Since OPN can enhance tumor cell migration, invasion and spread, activate osteoclasts, and protect cells from immune mediated cytotoxicity, the elevated expression of OPN in ameloblastoma tumor cells and peritumor nest connective tissue of ameloblastoma, can, at least, partially explain why MCA have the locally invasive behavior and high osteolytic ability [25]. It was reported that OPN expression was associated with recurrence in prostate cancer [22]. Also, odontogenic keratocyst, which is known for its high rate of recurrence, showed strong OPN immunostaining in both its epithelial lining and underlying connective tissue [20]. So, the elevated expression of OPN in ameloblastoma might explain the high recurrence rate of this lesion.

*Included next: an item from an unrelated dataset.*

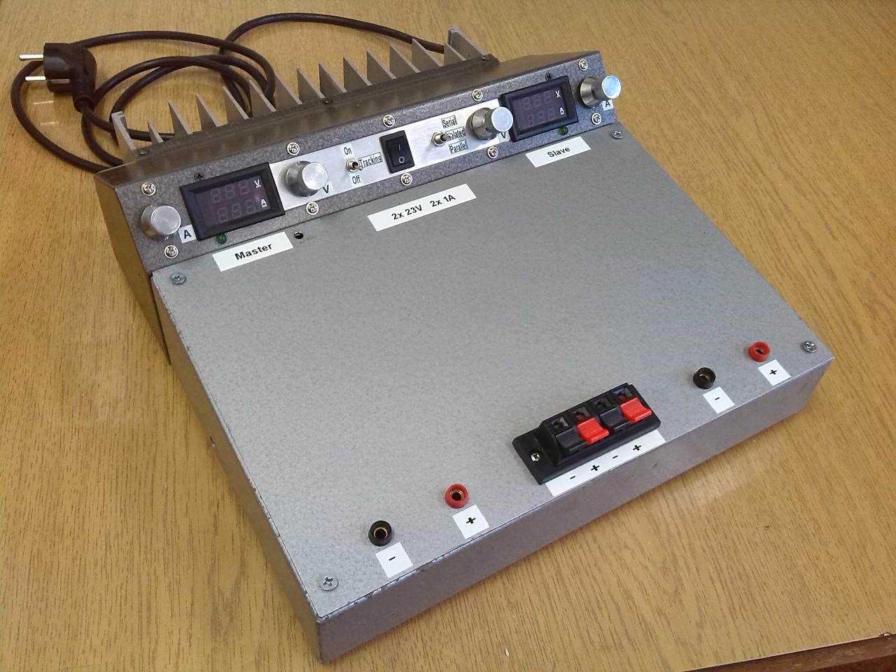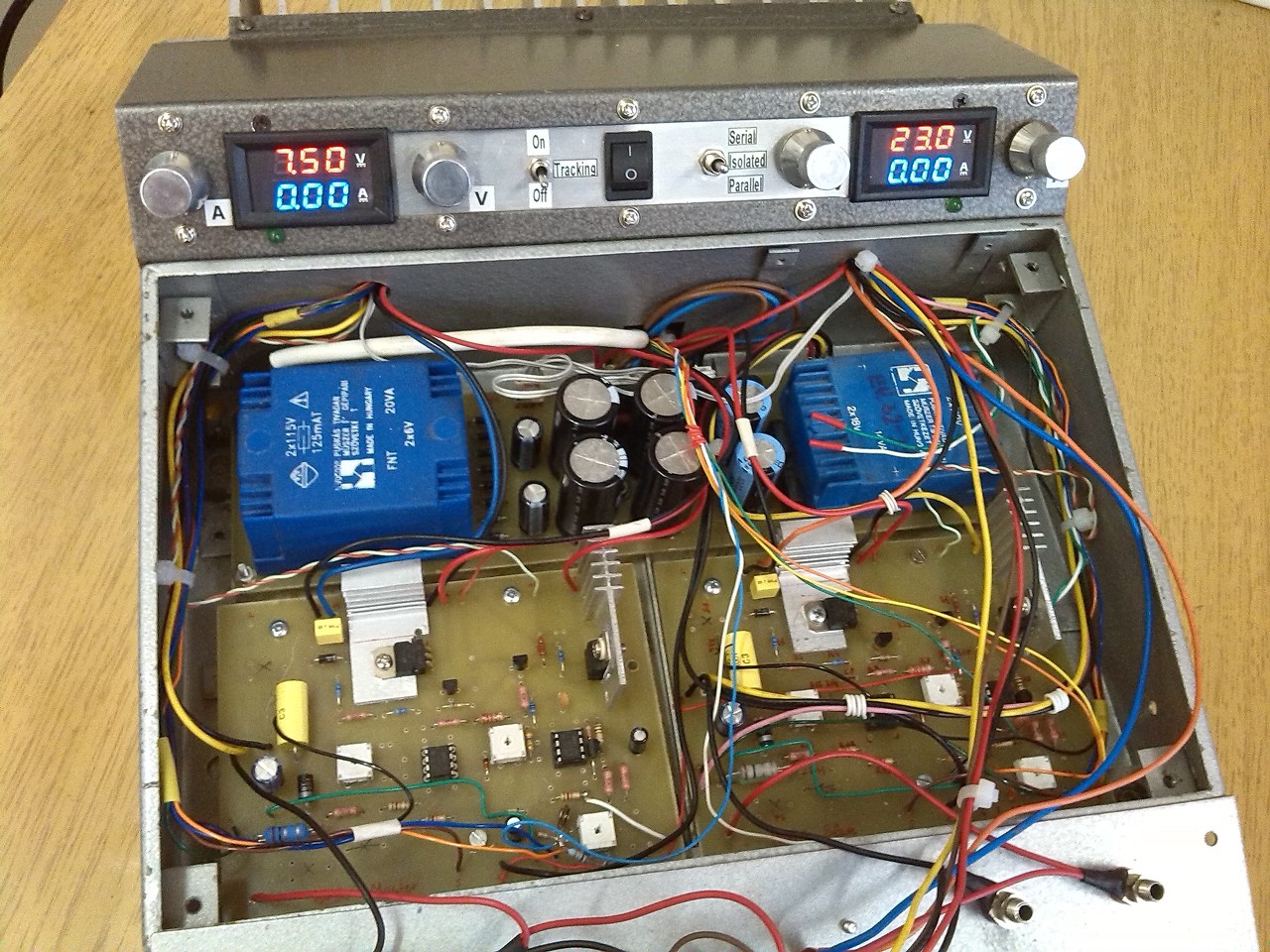 Elkészült stabilizált labortápom a 2002 RTÉK alapján, picit újragondolva. A kapcsolással semmi gond, elsőre pöccen. Viszont a követő mód a közölt formában eleve nem működhet. Ezt módosítva, illetve soros - párhuzamos kapcsolási lehetősséggel kiegészítve került bedobozolásra. A teljesítmény trafó (is) adott volt, és mive volt még benne kraft, így lett 20V helyett 23 a vége. Szeretném leszögezni, ez is egy fiókból épített cucc, de nálam ez szinte mindig így van. Találtam 4db 10fordulatos heli potit, hát akkor építek köré egy tápegységet csupa lomiból ! Na jó, az alapműszerek kínából repültek... A hozzászólás módosítva: Ápr 22, 2014

In different lesions included in the present study, OPN expression in inflammatory cells could be explained by the fact induced expression has been detected in T lymphocytes, macrophages, and in remodeling processes such as inflammation, ischemia-reperfusion, bone resorption, and tumor progression [16]. Also, detected OPN expression along the walls of blood vessels might indicate the possible role of OPN in neovascularization. This could be explained by the binding properties of OPN, where the ligation of OPN with integrin α3β5 on vascular endothelial cells induces neovascularization by upregulating endothelial cell migration, survival and lumen formation during angiogenesis. This might explain the OPN immunoreactivity in endothelial cells noted in the present study [16, 21]. These angiogenic properties of OPN would increase the rate of tumor growth. The statistical analysis of the present study revealed that the mean area fraction of OPN immunopositivity of UCA and MCA was higher than that of DC. The difference in the mean area fraction of OPN in UCA (mural variant) and MCA when compared to DC might explain the locally invasive behavior of these two variants. This difference was found to be statistically significant. In UCA & MCA, the statistically insignificant difference of OPN expression in these two groups could be due to that most of the UCA studied were of the mural type, as it was reported that the behavior of the mural type is similar to that of the classic intraosseous MCA [28]. Statistical results of the present study revealed a statistically insignificant difference of either CD10 or OPN mean area fraction when comparing recurrent versus non recurrent MCA. This might be due to inconsistent data gathered from a small sample size of the present study. Thus, further studies utilizing more recurrent cases of MCA are highly recommended.

A Pearson's correlation study showed that there was a strong significant positive correlation between the levels of CD10 and OPN expression (R value = 0.622). This correlation was proven to be statistically significant (P value < 0.001). This could be explained by the different biological properties of CD10 regarding neoplastic transformation and tumor progression [9]. OPN enhancement of tumor cell migration, invasion and spread [32], activation of osteoclast [20], and protection of cells from immune mediated cytoxicity [19] might also add to understand this positive association between the two markers. So these two markers could function in a synergistic way to facilitate the neoplastic transformation of DC and the locally invasive behavior of ameloblastoma.

Conclusions

Based upon the results of the present study, it could be concluded that, in DC, high CD10 and osteopontin expression might predict the neoplastic potentiality of the epithelial lining of this cyst. Also, in UCA & MCA, high CD10 and osteopontin expression might be a useful tool to identify areas with locally invasive behavior and high risk of recurrence.